**Task instructions**. Quote exactly and only this range of lines in the data below: the line that holds "CHAQUETA CASIMIR PARA MUJER" to the line that holds "im Grenzmuseum Schiffersgrund", both included.

Items listed in a dataset:
"""

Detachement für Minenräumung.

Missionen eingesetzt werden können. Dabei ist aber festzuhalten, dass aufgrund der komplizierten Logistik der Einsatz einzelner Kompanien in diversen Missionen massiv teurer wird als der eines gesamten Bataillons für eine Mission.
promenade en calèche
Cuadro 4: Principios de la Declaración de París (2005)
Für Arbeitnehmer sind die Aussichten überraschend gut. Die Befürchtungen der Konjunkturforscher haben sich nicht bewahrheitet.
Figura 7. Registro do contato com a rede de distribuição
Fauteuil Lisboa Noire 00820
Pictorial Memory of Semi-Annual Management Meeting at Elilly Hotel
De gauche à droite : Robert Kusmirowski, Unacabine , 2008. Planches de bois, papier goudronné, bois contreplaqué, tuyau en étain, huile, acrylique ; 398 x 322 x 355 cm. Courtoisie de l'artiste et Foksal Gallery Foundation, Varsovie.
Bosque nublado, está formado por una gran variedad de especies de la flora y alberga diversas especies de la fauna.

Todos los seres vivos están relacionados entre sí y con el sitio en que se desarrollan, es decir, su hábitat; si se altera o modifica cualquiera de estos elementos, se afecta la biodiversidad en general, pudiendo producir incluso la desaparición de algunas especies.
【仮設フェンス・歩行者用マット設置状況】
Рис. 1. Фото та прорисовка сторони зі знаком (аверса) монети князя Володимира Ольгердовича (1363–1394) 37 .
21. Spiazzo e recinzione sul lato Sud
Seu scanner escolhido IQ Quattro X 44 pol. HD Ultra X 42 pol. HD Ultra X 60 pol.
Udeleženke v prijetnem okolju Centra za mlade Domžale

"""
"""

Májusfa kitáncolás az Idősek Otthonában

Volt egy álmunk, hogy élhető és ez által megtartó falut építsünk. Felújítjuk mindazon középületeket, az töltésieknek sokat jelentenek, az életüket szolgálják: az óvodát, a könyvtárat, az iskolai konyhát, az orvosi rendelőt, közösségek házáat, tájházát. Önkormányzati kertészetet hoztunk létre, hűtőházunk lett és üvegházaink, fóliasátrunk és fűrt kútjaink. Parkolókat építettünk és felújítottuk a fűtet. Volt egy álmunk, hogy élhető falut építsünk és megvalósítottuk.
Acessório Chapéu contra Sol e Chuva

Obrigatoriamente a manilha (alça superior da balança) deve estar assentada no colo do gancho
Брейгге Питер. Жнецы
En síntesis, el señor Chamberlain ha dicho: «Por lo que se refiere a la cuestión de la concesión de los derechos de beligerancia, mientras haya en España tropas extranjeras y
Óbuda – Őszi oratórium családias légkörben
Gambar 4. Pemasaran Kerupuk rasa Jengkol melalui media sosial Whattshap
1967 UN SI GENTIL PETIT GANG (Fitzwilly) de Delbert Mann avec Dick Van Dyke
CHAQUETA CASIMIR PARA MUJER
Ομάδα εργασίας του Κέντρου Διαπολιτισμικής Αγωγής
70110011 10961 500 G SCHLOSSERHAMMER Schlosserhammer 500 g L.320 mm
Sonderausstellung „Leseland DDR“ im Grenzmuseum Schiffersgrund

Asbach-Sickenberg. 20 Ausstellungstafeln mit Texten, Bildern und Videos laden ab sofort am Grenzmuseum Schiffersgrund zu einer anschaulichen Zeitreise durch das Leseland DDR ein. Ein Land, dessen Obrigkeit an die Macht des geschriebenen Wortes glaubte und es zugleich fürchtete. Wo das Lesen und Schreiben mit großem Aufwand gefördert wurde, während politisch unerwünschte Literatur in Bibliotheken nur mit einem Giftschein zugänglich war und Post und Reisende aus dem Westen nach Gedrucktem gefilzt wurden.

"""

**Solution to the problem**.
CHAQUETA CASIMIR PARA MUJER
Ομάδα εργασίας του Κέντρου Διαπολιτισμικής Αγωγής
70110011 10961 500 G SCHLOSSERHAMMER Schlosserhammer 500 g L.320 mm
Sonderausstellung „Leseland DDR“ im Grenzmuseum Schiffersgrund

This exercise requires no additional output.